__Material for this task__
'''

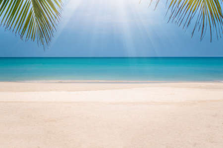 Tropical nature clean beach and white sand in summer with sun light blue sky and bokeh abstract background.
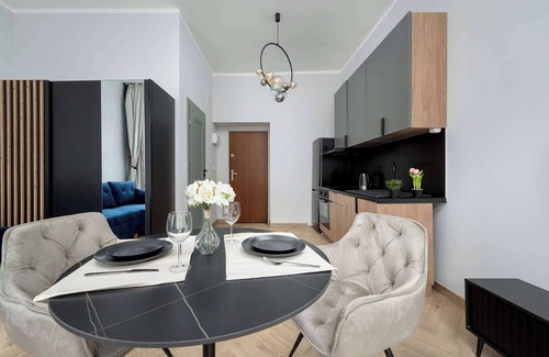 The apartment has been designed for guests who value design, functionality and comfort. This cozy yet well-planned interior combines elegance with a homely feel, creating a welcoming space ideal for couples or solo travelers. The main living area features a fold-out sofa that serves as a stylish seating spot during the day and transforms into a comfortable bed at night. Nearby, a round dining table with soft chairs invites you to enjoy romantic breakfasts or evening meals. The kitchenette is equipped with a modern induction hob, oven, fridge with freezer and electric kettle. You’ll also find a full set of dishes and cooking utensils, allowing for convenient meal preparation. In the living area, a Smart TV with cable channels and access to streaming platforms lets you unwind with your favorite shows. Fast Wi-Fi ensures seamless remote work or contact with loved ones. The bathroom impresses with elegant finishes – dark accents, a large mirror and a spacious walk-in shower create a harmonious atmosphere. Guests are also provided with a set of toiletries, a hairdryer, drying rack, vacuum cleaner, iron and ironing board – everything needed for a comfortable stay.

'''
'''

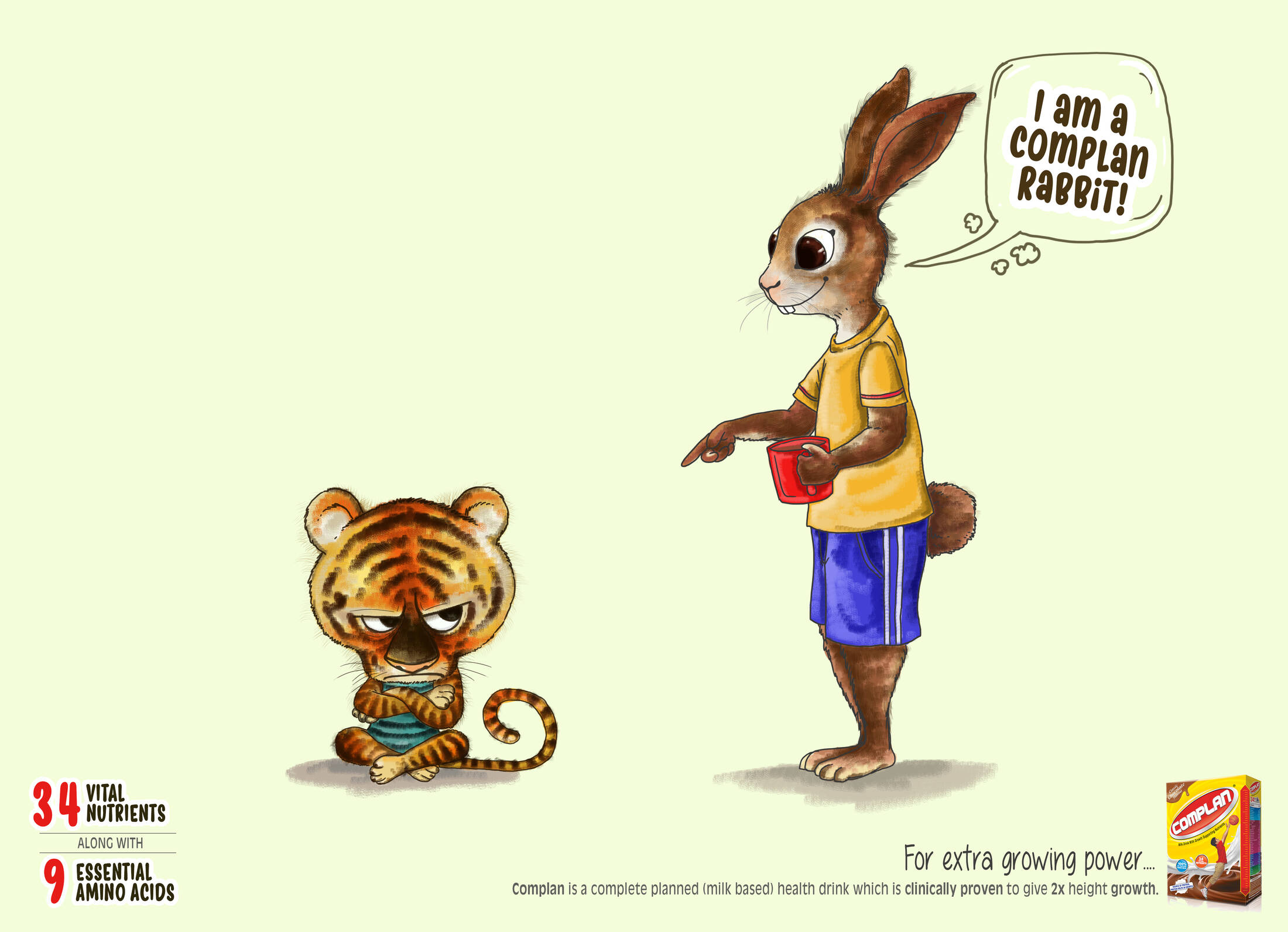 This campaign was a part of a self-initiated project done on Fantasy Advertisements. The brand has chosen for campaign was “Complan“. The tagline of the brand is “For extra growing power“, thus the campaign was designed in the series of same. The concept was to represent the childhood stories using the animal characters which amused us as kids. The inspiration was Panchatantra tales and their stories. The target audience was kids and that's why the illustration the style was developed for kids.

'''

__What you are asked to do__
Exact copy, no pictures. Write out the lines in the entries above, starting with the line with "Tropical nature clean" and going on through the line with "The apartment has", keeping both.

__Answer below__
 Tropical nature clean beach and white sand in summer with sun light blue sky and bokeh abstract background.
 The apartment has been designed for guests who value design, functionality and comfort. This cozy yet well-planned interior combines elegance with a homely feel, creating a welcoming space ideal for couples or solo travelers. The main living area features a fold-out sofa that serves as a stylish seating spot during the day and transforms into a comfortable bed at night. Nearby, a round dining table with soft chairs invites you to enjoy romantic breakfasts or evening meals. The kitchenette is equipped with a modern induction hob, oven, fridge with freezer and electric kettle. You’ll also find a full set of dishes and cooking utensils, allowing for convenient meal preparation. In the living area, a Smart TV with cable channels and access to streaming platforms lets you unwind with your favorite shows. Fast Wi-Fi ensures seamless remote work or contact with loved ones. The bathroom impresses with elegant finishes – dark accents, a large mirror and a spacious walk-in shower create a harmonious atmosphere. Guests are also provided with a set of toiletries, a hairdryer, drying rack, vacuum cleaner, iron and ironing board – everything needed for a comfortable stay.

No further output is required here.